No gabinete da vereadora Necy Brandão da oficina foi acertado os detalhes, ele era um
homem de meia idade, dono de uma oficina muito conhecida em Guapimirim, era dono
também da única empresa de ônibus concedida no município. Sua assessora fez alguns
comentários para que votássemos nele nas eleições, claro que ele disse sim, mas esse mesmo
jovem, vendeu seu voto para quatro políticos sem ao menos ter título de eleitor em seu
passado, era uma quarta feira e incrivelmente já haviam conseguido um frete para a sexta,
mais dois dias na casa da sogra, sobreviveria.

Acordou cedo, era o dia da entrega dos exames, foi feita a perícia e constatado as condições
adequadas e com o aval da medica correu para a prefeitura para tomar posse. Com o
documento de posse na mão perguntou a alguns funcionários onde ficava a sede da defesa
Civil e decidiu ir andando, no caminho uma viatura da Defesa Civil passou por ele, uma blazer
com giro-flex e tudo, pensou em para-los para perguntar como era o serviço, mas não
aconteceu. Ao chegar na recepção do sede três mulheres estavam sentadas, uma negra bonita
sentada na mesa da frente que não deu muita atenção enquanto ele esperava. Após alguns
minutos uma das três, a bem baixa, parecia ser anã, indicou-lhe o caminho da sala do
coordenador, ao chegar comprimentou –lhe com aperto de mão firme, não correspondido, as
feições meio indígenas do homem estava fechada, ele era um pouco gordo, com uma papada
que se dobrava quando movia a cabeça para baixo, parecia estar aborrecido com alguma coisa,
impossível saber:
- Bom dia. – Disse ele com tom formal em excesso. – Sou J. Ricardo, Coordenador municipal de
defesa Civil e Subsecretário do meio ambiente.

- Olá sou Maycon. – Respondeu em tom amigável.

- Por que o senhor está de bermuda numa repartição ‘púbrica’. – O erro de português acendeu
um sinal em sua cabeça, mas poderia ser pré-conceito, porem a pergunta sobre a bermuda
ficou suspensa.
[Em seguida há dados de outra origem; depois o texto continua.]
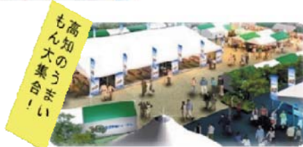
地産外商・食育展
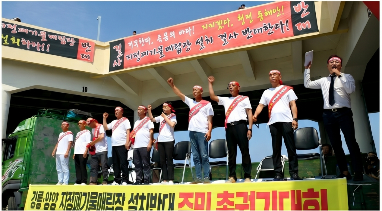
[주민 총궐기대회 현장] 지역주민들의 강력한 의지를 앞장서 대변했습니다.

Ele sabia que era proibido somente em casas solenes.

- Não sabia que aqui não podia entrar, como não tenho dinheiro para andar de ônibus pela
cidade entregando a documentação achei melhor estar confortável. Tentou comovê-lo com
sua situação econômica, sem efeito. A cara fechada permanecia. – Me desculpe.
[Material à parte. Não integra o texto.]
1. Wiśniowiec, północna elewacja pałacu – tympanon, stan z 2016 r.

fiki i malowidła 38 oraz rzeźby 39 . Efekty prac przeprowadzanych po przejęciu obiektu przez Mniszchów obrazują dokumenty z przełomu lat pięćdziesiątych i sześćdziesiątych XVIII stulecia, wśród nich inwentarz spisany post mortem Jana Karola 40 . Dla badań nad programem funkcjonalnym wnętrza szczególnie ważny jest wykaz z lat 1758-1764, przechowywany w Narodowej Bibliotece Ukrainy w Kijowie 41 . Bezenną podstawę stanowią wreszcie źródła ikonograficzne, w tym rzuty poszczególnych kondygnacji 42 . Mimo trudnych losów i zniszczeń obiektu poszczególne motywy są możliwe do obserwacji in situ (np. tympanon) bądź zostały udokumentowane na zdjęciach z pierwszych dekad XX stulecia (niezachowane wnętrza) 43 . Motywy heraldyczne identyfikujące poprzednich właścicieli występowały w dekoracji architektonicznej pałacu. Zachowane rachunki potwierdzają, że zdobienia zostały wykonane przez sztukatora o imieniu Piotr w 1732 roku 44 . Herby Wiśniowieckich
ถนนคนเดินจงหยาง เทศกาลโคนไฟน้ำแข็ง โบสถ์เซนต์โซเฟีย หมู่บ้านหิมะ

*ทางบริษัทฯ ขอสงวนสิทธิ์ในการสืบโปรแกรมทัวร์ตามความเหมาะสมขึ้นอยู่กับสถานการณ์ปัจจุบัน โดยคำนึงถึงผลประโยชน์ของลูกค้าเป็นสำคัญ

- Não se pode entra em repartição ‘pubrica’ de bermuda, tem que ser calça. – ele insistiu com
a advertência. – O senhor terá trinta ‘dia’ para começar a trabalhar, vou assinar um
documento aqui e será entregue ao senhor.

Ele entregou um documento rapidamente a Maycon e ficou encarando como que expulsando
com os olhos de sua sala, apesar disso Maycon não se tocou e continuou a conversa:

- como é o serviço aqui?

- O senhor vai saber quando começar a trabalhar, estava no edital do concurso, o senhor leu? –
a resposta foi demasiadamente ríspida, mesmo assim Maycon ainda não percebeu.

- Só mais uma coisa, tem corporativismo aqui, como funciona isso? – Perguntou se referindo a
guarda municipal, estava interessado se havia partidas de futebol contra, com rivalidade, seria
interessante.

- Eu só não gosto de fofoca. – Respondeu secamente.

Obviamente o senhor J. Ricardo não sabia o que era Corporativismo.

- Bem começarei na segunda. – Disse animado. – Só não venho amanhã logo por que tenho
que fazer minha mudança.

- O senhor tem trinta dias. – sempre com muita rispidez e com a papada tremulante.

Desceu se despediu das meninas na recepção e voltou orgulhoso para casa, segunda
começaria nova vida, mas ainda tinha a mudança pra fazer.

Às oito horas da manhã estava aguardando o motorista na oficina da vereadora Necy Brandão,
era um furgão do grandes:

- Caraca! Parece um ônibus. – Maycon disse cutucando Joarez com o cotovelo.

- É rapaz! – Retrucou torcendo a boca.

- Ela usa ele pra levar suas duas motos para o sitio. – Disse o motorista.